Diary of Charles Francis Adams, volume 6

22 Sunday. 23d. CFA

1834-11-23

Sunday. 23d. CFA
Sunday. 23d.

Although finally arrived to settle down for the Winter in uninterrupted quiet I hope, yet my first sensations are very far from those of being at home. I found myself in a house not my own, in a quarter of the town in which I had never lived before and without any arrangements yet made for my convenience. I cannot say that I relished entirely the change from my own house, in which I certainly have been managing to collect more comforts than I was myself aware of. But for this winter the die is cast (at least). I must endeavor to console myself by the reflections that I am relieved from family anxiety to a considerable degree, that I am of use to Mr. Brooks who feels his lonely situation very much, and that I am in a considerable degree benefitted in my pecuniary affairs. These are of course interesting to me more and more as I become sensible of my father’s total indifference to them. My children must not feel that through their Mother they derive all their claims to fortune. But I will not pursue this farther at present.

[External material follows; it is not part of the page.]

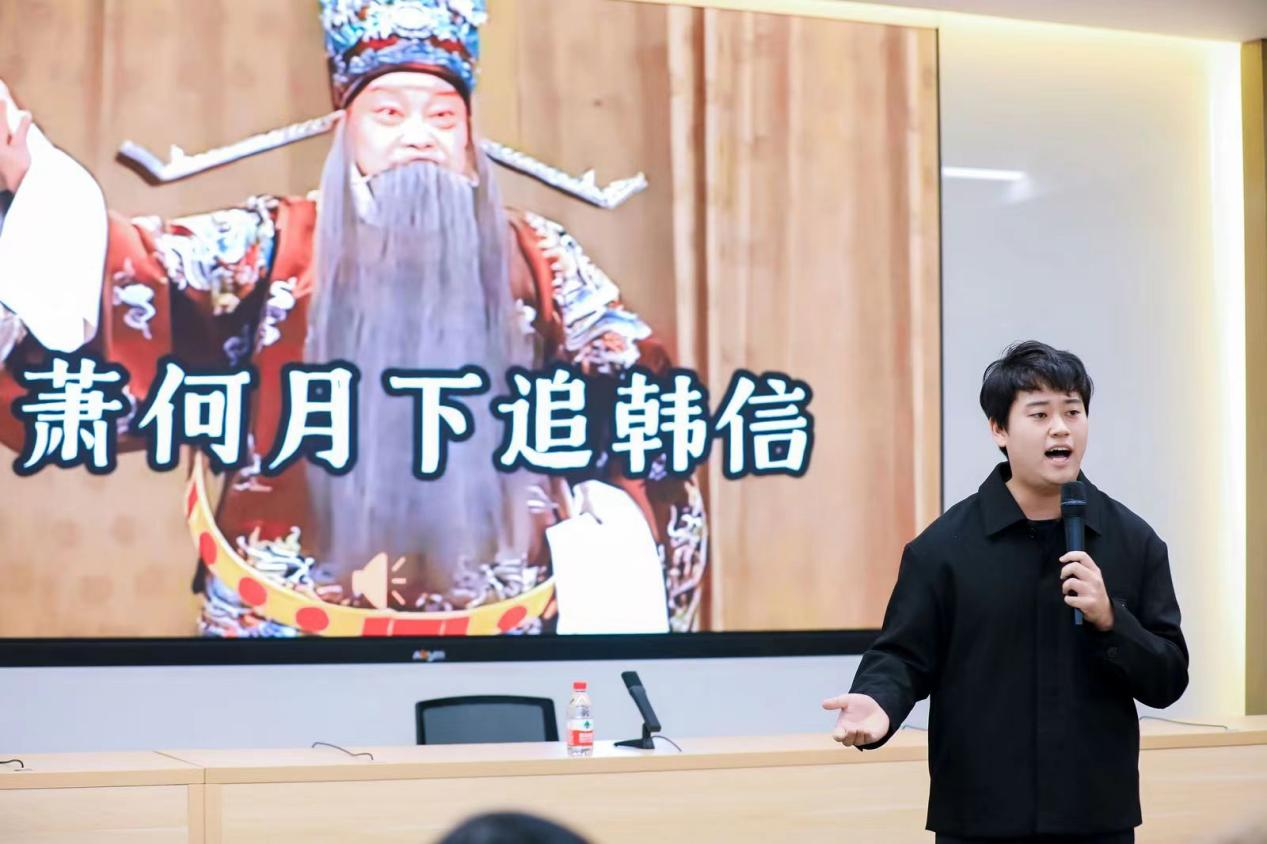 w88win体育官网入口2023级本科生表演了精彩的节目。王英昊同学演唱了京剧选段《萧何月下追韩信》,唱腔高亢嘹亮,赢得了阵阵掌声。

I attended divine service all day. Heard Mr. Frothingham in the morning and Mr. W. Ware1 in the Afternoon but I have had such an impulse given to all my thoughts by this Journey that I cannot directly settle down in my regular track. So I lost the Texts and was not able to fix my attention well upon the Subjects of the Sermons.

Not being provided with books or any thing I was not able to do any of my regular duties and so I dawdled away my time. I conversed with Abby who was anxious to know particulars respecting my Journey. In the evening Mr. Bradlee came in, a gentleman of good character in life but one whose external manners and even modes of thought, recommend him but little to my feelings.

1.

William Ware, Harvard 1816, Unitarian clergyman in New York City and later a well-known author ( DAB ).

Monday. 24th. CFA

1834-11-24

Monday. 24th. CFA
Monday. 24th.

I went to my Office this morning, thus beginning my usual routine of occupation. My business was the arranging my Accounts which took me the whole of my time. I drew off the charges for the Journey against my father and credited him with the surplus, and then went through the Items of my own Accounts which the transactions at Washington occasioned. These were few but rather puzzling especially to me who am upon my first attempt to make a set of books go by the 23system of double entry. I do not know that I gave myself time upon which to reflect properly. But after all this is no great affair, “Le Jeu ne vaut pas la chandelle.”

Returned home and spent the afternoon for the most part at the Athenaeum which is very near and which is the greatest convenience of a residence in this part of the City. I procured there a couple of books with which I could go on until my regular winter occupations commenced. These are Sir James Mackintosh’s fragment upon the Revolution of 1688, and a book of a Mr. Sedgwick upon education at the English University.1 The first of these works is edited by some unknown person who has prefixed to it an account of the life and writings of the Author. A violent party production doing no justice to the character of Mackintosh but curious from it’s tracing his earlier productions which in a perishable and anonymous form were brought before the public.

I need not say that in the course of my whole Journey I have never omitted reading my Chapter in the Bible with the Commentary.

1.

CFA’s borrowings from the Athenaeum included Adam Sedgwick’s Discourse on the Studies of the University, 2d edn., Cambridge, 1834, and Sir James Mackintosh, History of the Revolution in England, 1688,witha Notice of the Life ... of Mackintosh, London, 1834.